Exercise description:
Give again, word for word, every line in the entries below from the line with "Тумороров зайшов на" up to and including the line with "Kirpikli Göz Plaka Ayarlı Yüzük", and no other line.

━━━━━ Available data

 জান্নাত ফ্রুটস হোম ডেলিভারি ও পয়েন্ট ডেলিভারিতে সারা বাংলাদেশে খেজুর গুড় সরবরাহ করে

━━━━━━━━━━
━━━━━ Available data

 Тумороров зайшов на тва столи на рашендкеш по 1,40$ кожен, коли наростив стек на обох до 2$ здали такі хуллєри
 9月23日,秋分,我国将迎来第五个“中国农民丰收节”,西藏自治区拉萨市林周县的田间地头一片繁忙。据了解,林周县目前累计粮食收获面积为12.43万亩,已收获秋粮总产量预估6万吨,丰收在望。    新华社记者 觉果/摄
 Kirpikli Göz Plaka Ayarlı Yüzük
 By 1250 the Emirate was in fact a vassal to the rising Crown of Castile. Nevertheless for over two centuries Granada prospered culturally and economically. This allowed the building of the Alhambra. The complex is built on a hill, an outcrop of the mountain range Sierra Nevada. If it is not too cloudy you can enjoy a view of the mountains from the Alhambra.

━━━━━━━━━━
━━━━━ Available data

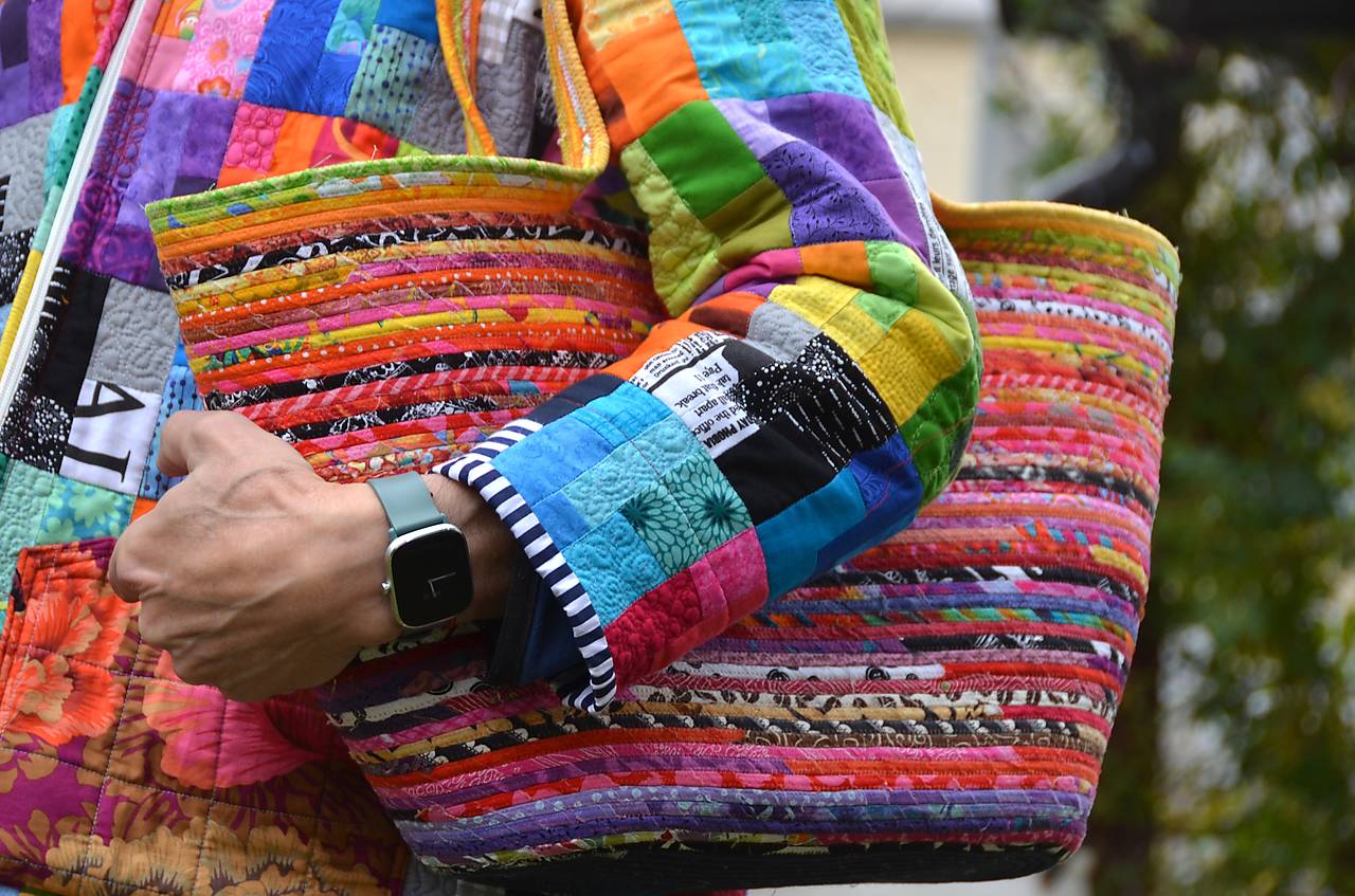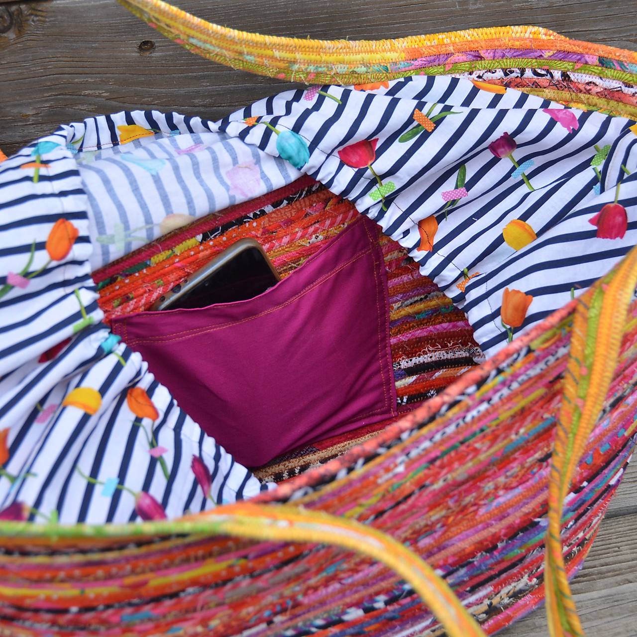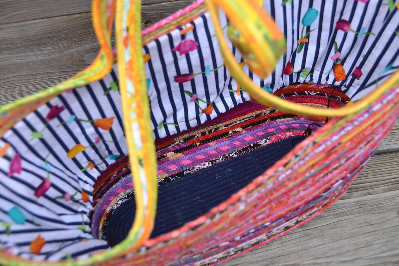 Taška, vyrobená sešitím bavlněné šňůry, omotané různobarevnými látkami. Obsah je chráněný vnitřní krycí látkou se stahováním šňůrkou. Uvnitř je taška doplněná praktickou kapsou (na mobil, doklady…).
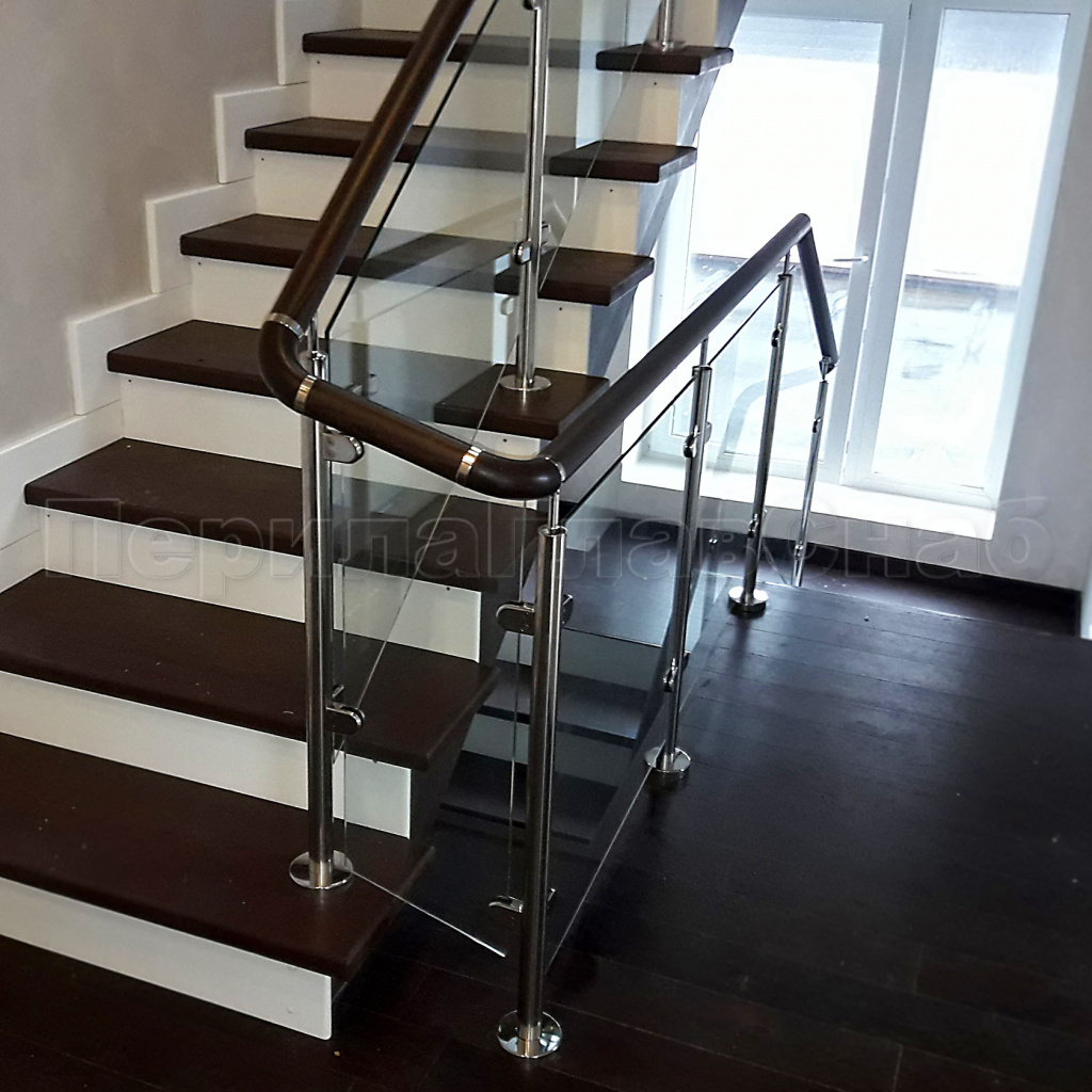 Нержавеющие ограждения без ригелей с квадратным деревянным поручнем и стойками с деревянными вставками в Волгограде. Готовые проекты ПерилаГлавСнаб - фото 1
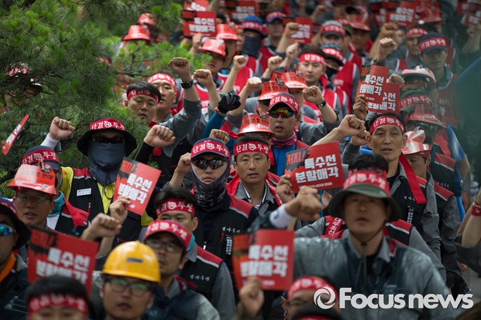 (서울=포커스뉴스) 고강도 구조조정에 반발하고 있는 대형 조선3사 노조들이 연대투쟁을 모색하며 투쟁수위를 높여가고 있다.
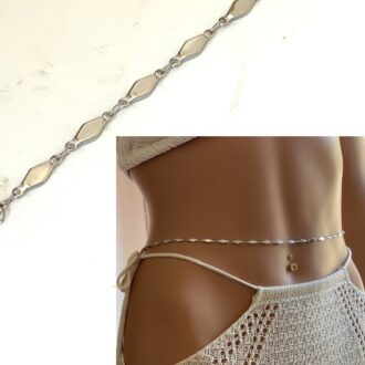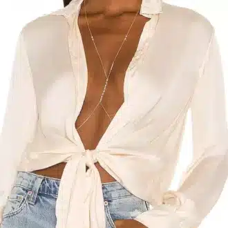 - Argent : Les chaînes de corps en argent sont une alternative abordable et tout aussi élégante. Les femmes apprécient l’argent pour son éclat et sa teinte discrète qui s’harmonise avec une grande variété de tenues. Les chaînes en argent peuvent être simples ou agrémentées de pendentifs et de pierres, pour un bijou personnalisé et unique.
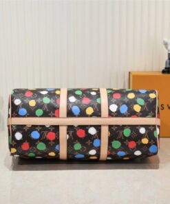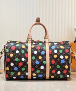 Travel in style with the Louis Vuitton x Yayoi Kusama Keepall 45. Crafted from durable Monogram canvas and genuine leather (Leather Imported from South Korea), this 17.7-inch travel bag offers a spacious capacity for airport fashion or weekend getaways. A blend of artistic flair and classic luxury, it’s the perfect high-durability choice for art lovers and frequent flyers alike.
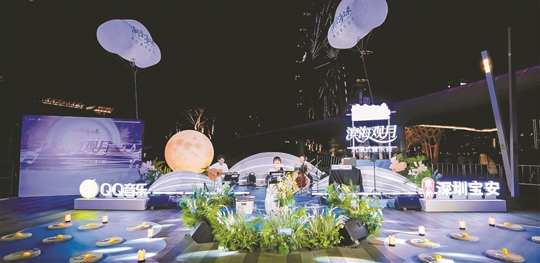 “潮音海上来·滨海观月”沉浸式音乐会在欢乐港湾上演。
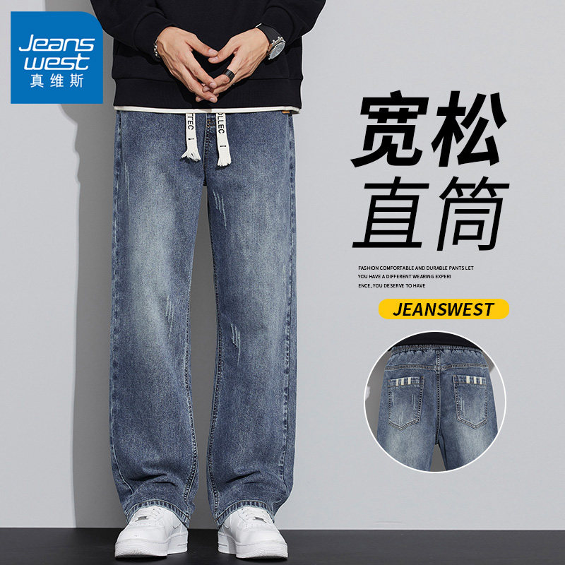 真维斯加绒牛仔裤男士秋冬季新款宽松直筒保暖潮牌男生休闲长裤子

━━━━━━━━━━

Written answer:
 Тумороров зайшов на тва столи на рашендкеш по 1,40$ кожен, коли наростив стек на обох до 2$ здали такі хуллєри
 9月23日,秋分,我国将迎来第五个“中国农民丰收节”,西藏自治区拉萨市林周县的田间地头一片繁忙。据了解,林周县目前累计粮食收获面积为12.43万亩,已收获秋粮总产量预估6万吨,丰收在望。    新华社记者 觉果/摄
 Kirpikli Göz Plaka Ayarlı Yüzük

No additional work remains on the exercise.